The questionnaire for the Knowledge Management Practices Survey was designed by the Science, Innovation and Electronic Information Division of Statistics Canada in collaboration with: the Centre for Educational Research and Innovation (Organisation for Economic Co-operation and Development); the Ministry of Trade and Industry and the Center for Ledelse (Denmark); the Fraunhofer Institute for Systems and Innovation Research (Germany); Service des études et des statistiques industrielles and Institut national de la statistique et des études économiques (France); the Office of National Statistics (the United Kingdom); Innovazione tecnologica e ricerca scientifica (Italy); Statistics Netherlands (The Netherlands); Statistics Sweden (Sweden); and the Institute for Knowledge Management (United States of America).

Statistics Canada undertook cognitive testing of the questionnaire through extensive interviews with individual firms in both official languages to ensure that the questions were well understood. Feedback from respondents was incorporated into the questionnaire design.

Respondents completed paper and pencil questionnaire mail-out / mail- or fax- back with some questionnaire completed over the telephone by interviewers.

Questions on use/planned use of management practices; opinion using scales; mainly closed with opportunity provided for respondents to comment.

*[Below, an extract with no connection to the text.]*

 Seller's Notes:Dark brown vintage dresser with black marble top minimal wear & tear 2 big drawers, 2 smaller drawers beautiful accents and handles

Questionnaire was tested with 30 firms in May/June 2001 and revised following questionnaire testing. Pilot survey completes the questionnaire testing.


This is a sample survey.

Data sources

Data collection for this reference period: September 2001 to December 2001

Responding to this survey is mandatory.

Data are collected directly from survey respondents.

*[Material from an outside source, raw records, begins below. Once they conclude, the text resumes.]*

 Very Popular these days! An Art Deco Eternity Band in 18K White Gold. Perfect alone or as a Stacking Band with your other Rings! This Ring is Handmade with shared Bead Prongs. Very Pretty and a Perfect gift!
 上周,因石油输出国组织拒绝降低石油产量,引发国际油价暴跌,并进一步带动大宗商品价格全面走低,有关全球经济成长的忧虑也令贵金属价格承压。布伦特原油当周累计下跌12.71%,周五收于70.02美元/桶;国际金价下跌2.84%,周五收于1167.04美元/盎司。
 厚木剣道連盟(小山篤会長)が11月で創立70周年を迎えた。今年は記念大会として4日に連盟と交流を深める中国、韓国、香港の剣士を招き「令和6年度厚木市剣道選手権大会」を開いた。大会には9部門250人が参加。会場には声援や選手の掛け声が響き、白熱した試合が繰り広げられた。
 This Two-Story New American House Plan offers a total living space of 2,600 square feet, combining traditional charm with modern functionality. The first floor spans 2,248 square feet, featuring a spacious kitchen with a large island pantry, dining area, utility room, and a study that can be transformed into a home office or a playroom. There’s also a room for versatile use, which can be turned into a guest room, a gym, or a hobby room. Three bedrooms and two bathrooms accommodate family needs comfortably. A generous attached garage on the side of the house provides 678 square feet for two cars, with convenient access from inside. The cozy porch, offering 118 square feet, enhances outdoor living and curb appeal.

Pre-contact with sample to ensure contact name, title and industrial classification occurred in September 2001. Mail-out to 405 firms started late September 2001. Interviewer follow-up began in October with interviewers offering to complete the questionnaire over the telephone.

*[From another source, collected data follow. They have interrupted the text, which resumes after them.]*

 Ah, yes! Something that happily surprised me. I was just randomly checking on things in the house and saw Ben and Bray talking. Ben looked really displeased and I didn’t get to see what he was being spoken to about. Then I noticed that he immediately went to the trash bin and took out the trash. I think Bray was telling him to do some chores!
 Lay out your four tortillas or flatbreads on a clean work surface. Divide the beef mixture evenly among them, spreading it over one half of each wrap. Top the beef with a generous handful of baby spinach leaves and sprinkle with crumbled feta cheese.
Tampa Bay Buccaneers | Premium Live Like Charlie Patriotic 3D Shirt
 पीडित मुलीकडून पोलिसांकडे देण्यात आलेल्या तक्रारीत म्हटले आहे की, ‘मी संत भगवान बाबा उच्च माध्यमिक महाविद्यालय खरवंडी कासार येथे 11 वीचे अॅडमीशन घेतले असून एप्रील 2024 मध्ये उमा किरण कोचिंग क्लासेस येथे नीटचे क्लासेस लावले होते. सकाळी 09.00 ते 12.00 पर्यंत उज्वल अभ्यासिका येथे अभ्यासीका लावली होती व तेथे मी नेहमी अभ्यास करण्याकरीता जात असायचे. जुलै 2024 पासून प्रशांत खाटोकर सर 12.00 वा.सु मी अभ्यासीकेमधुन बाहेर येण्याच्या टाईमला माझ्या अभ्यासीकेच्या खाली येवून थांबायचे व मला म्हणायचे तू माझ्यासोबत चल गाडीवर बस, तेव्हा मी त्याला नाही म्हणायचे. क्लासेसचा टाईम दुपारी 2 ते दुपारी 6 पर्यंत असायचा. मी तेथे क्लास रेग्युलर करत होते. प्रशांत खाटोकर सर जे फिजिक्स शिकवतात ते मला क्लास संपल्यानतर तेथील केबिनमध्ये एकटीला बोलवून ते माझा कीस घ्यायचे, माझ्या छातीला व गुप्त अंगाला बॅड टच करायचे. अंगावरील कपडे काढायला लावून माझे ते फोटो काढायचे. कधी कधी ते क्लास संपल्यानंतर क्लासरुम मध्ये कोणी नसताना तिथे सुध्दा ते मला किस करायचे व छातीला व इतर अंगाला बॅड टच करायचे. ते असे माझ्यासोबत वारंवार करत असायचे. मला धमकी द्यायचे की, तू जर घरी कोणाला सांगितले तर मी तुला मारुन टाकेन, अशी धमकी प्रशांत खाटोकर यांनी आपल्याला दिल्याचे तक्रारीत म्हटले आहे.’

View the Questionnaire(s) and reporting guide(s) .

Error detection

Edits established to verify the consistency of the data once it was received were applied at the microdata level.


Given that this is a pilot survey, imputation was used only for mandatory questions, which makes the questionnaire easier to evaluate. Donor imputation (hot deck method) was used in connection with the above-mentioned edits. Each question was imputed independently.


Since this was a two-phase sample design, adjustment for non-response was carried out in two phases. Reweighting took place for each phase. The weight share method was used to obtain estimates at the enterprise level, since the statistical units for the first phase were at the enterprise level. Estimates and variances were calculated using direct methods associated with this type of sample design.

Quality evaluation

The imputation rate for each question is available.

Disclosure control

Statistics Canada is prohibited by law from releasing any data which would divulge information obtained under the Statistics Act that relates to any identifiable person, business or organization without the prior knowledge or the consent in writing of that person, business or organization. Various confidentiality rules are applied to all data that are released or published to prevent the publication or disclosure of any information deemed confidential. If necessary, data are suppressed to prevent direct or residual disclosure of identifiable data.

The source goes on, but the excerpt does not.